After I had finished the first draft of this blog, I went back and counted how many times I used the word effective. It added up to too many, and I had to go back and do some wordsmithing. However, the truth is that is what this post is about. Being effective -not wasting marketing energy and money. Producing clients, sales, and product awareness in a super-saturated travel and hospitality tech marketplace and getting the most out of every dollar. Are you with me?
1) Campaign Management That Delivers Leads
You have, no doubt, already considered many different online campaigns, but before you add any of them to your marketing plan, ask yourself if they deliver leads. Who are your prospects? Are the campaigns truly designed to reach them? Moreover, if the campaign does reach them, what are the chances the campaign will entice them to purchase? What is the call to action? Campaigns that don’t have this at their heart are a waste of valuable dollars for tech companies, especially those in the start-up phase.

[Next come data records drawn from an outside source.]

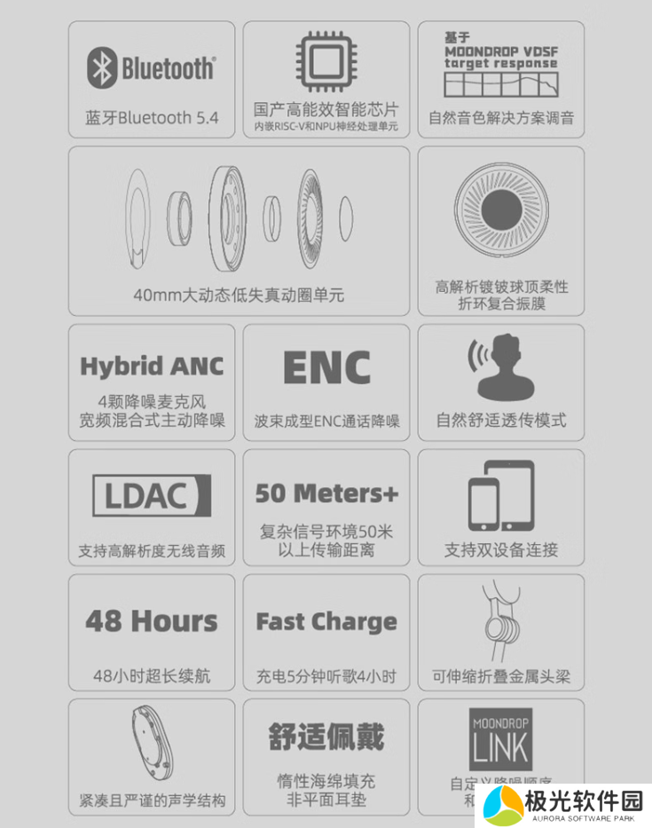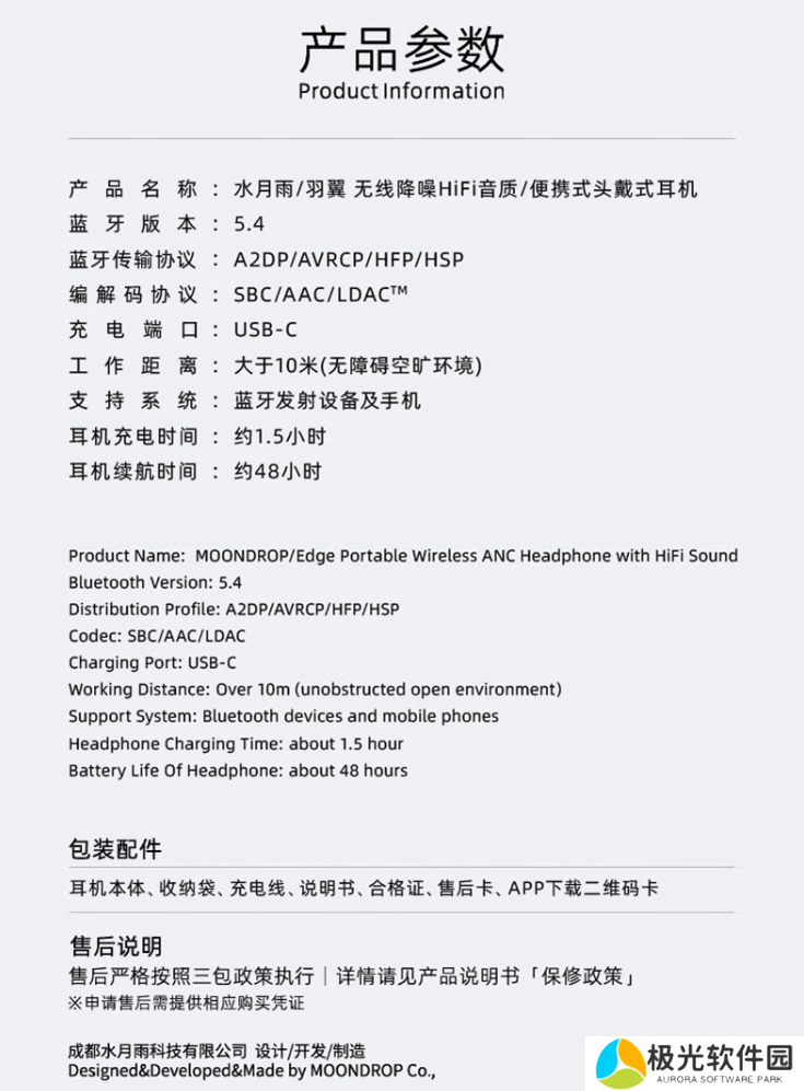 本站附水月雨「羽翼 Edge」头戴式耳机产品参数如下:
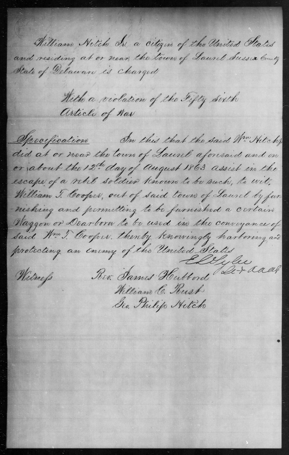 Then, evidently, Dr. Hitch crossed the line as seen in the attached letter (below) where he was found guilty of aiding a Confederate soldier to escape the area near Laurel. The body of the letter states, "In this that the said William Hitch Jr. did at or near the Town of Laurel aforesaid and on or about the 12th Day of August 1863 assist in the escape of a rebel soldier known to be such to wit, William T. Cooper, out of said Town of Laurel by furnishing and permitting to be furnished a certain Waggon (sic) or Dearborn to be used in the conveyance of said Wm. T. Cooper thereby knowingly harboring and protecting an enemy of the United States." The letter was signed by Ed Gylee? but, that is not the surprising part of this as the witnesses signing were William C. Rust and Dr. Hitch's own younger brother Geo. Philip Hitch! William Hitch was taken as a political prisoner by the Union Army.
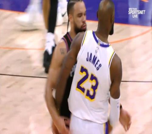 随后狄龙起身后,走向詹姆斯并撞击后者,吃到第二次技规,被裁判驱逐出场。
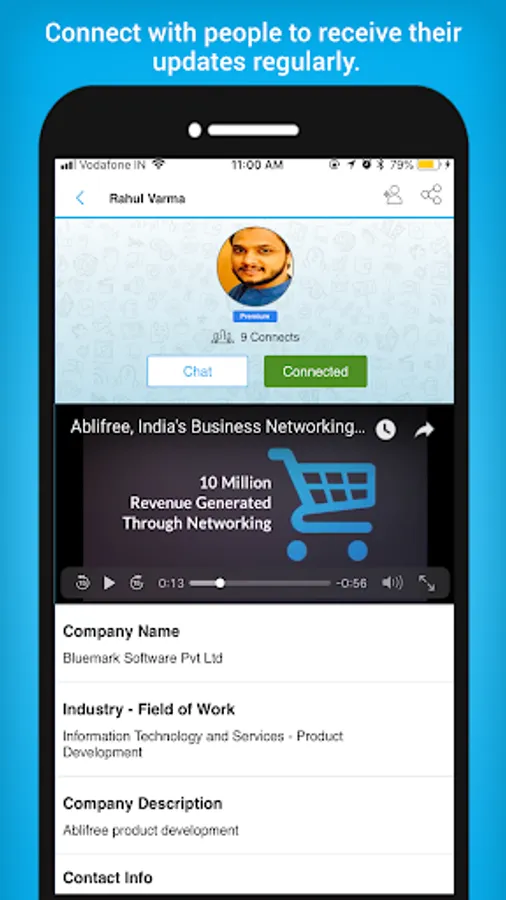 In hunt for new customers wherever you go? We want you to do exactly the same. Now no need to meet each and every person to exchange business information. Ablifree does it for you. Its unique feature automatically shares your profile with other Ablifree users around you. And vice versa. This feature works like magic when you are surrounded by hundreds of people in an event and you can get connected to all of them just in a single click! So now open Ablifree wherever you go and keep meeting new customers and clients.
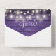 Alles in einer Hochzeitseinladung mit hübschen Saitenlichtern, Ihrem Foto, Monogramm-Initialen und eleganter moderner minimalistischer Typografie auf rustikalem lila Holzpaneelhintergrund. Die Einladung enthält eine perforierte RSVP-Karte, die für Sie individuell adressiert oder links als leere Adresse für die Handschrift der Adressdaten Ihres Gastes verwendet werden kann. Entwickelt von Thisisnotme©
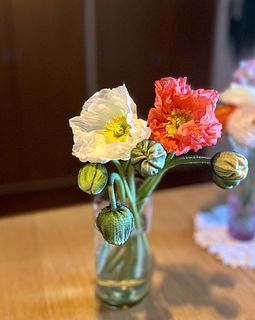 朝に蕾の状態で届いて、水揚げしてたらお昼には2輪開いてきました♪ 可愛いです🩷
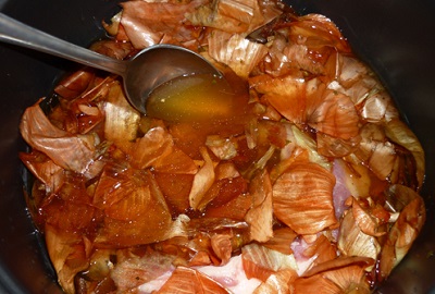 Приготавливаем сало. Если кусок очень длинный можно разрезать его на две одинаковые части. Кипятим литр воды. Луковую шелуху промываем в проточной воде и замачиваем на час. Закладываем в чашу одну горсть шелухи, сверху кладем сало и накрываем его сверху еще одной горстью шелухи. Бросаем лавровый лист.
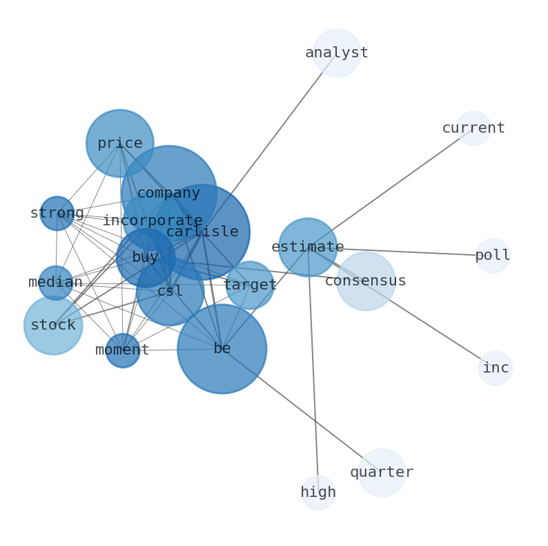 Are looking for the most relevant information about Carlisle Companies? Investor spend a lot of time searching for information to make investment decisions in Carlisle Companies. This task is often burdensome and consumes huge amounts of free time. It also leads to mistakes due to fatigue and bounded rationality. As a solution, we programmed an artificial intelligence that reads the whole internet and the uses natural language processing and vectorizers to summarize the information. Usually, the AI reads several hundred pages and summarize it to a short document. This document presents our results. We found that the most common words in the internet about Carlisle Companies are: Carlisle, Companies, price, company, estimate, consensus, stock, and the most common words in the summary are: carlisle, company, job, stock, technology, pa, interconnect, . One of the sentences in the summary was: Carlisle Companies Incorporated (CSL) stock price, news, quote & history - yahoo finance. Other searches related to this term that the AI found were: stockmarketlive, livestock, stockmarketforbeginners, thestockmarket, stockmarkettoday, stockmarkettrading, stockmarketstocks, todaystockmarket, thestockmarket, marketnews, stockmarketnews, whatisstockmarket, usstockmarket, stockmarketopen. #carlisle #company #job #stock #technology #pa #interconnect.

2) Content Strategy with Downloadable Assets
Part and parcel to the above type of campaign management is content strategy. One of the most effective ways to generate leads is to deliver content that your target audience wants and needs. This is different from self-promotion. Deliver ideas. Takeaways. Valuable strategies or thought pieces that are relevant to the industry but not solely focused on your product. One of the most effective ways to do this is offering a branded downloadable asset, whether that is a white paper or an e-book.
3) Highly Targeted SEM
It is easy to think more clicks is better, but when you are paying for everyone, you better be certain you are reaching someone who could buy. Be specific about where you are spending your SEM dollars. Hospitality and travel do not always overlap. If you are in travel, market only to travel. If you are in the hospitality, market only to hospitality. In other words, don’t cast a wide net. Then fine-tune your message and, ideally, include an offer.

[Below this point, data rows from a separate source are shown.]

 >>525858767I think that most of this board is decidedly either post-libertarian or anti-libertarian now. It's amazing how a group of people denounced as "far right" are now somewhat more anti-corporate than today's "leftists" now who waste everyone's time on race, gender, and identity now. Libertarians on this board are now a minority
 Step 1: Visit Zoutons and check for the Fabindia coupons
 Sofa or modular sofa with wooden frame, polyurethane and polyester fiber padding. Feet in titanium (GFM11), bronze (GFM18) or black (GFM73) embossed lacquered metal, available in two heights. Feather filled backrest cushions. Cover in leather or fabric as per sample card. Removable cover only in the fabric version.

4) Social Media: There’s doing it, and then there’s doing it well
Social media strategy is ubiquitous these days, but there are approaches that work and approaches that don’t. Posting photos of the office breakfast doesn’t qualify as conveying company culture (I’m pretty sure all that company culture stuff was way overrated anyway). So fine tune your message. Less is more. Find out when you are users are active and post wisely using searchable hashtags. Have a call to action, and similar to the content strategy ensure that you are providing value. This could mean reposting articles of interest to your audience, or creating a social media series with tips or strategies taken from a whitepaper or e-book. Make all your content work for you.
5) Targeted E-Mail Campaigns
The old mass e-blasts are a thing of the past. Archaic in virtual terms. Why? Because how do you craft a message that works for 30,000 people? It is impossible. There’s still a place for e-blast campaigns, but to be a truly effective tool, fine tune your distribution to, say, 1000 – 2000 recipients. Then tailor your message to those recipients. Be specific. Be personal. Moreover, always have an offer (psst, a price reduction or a pilot period is about as effective as it gets).
There’s that word again. I challenge all travel and hospitality tech marketing plans for 2015 to include the word effective in the title as a constant reminder of what needs to happen at the end of the day.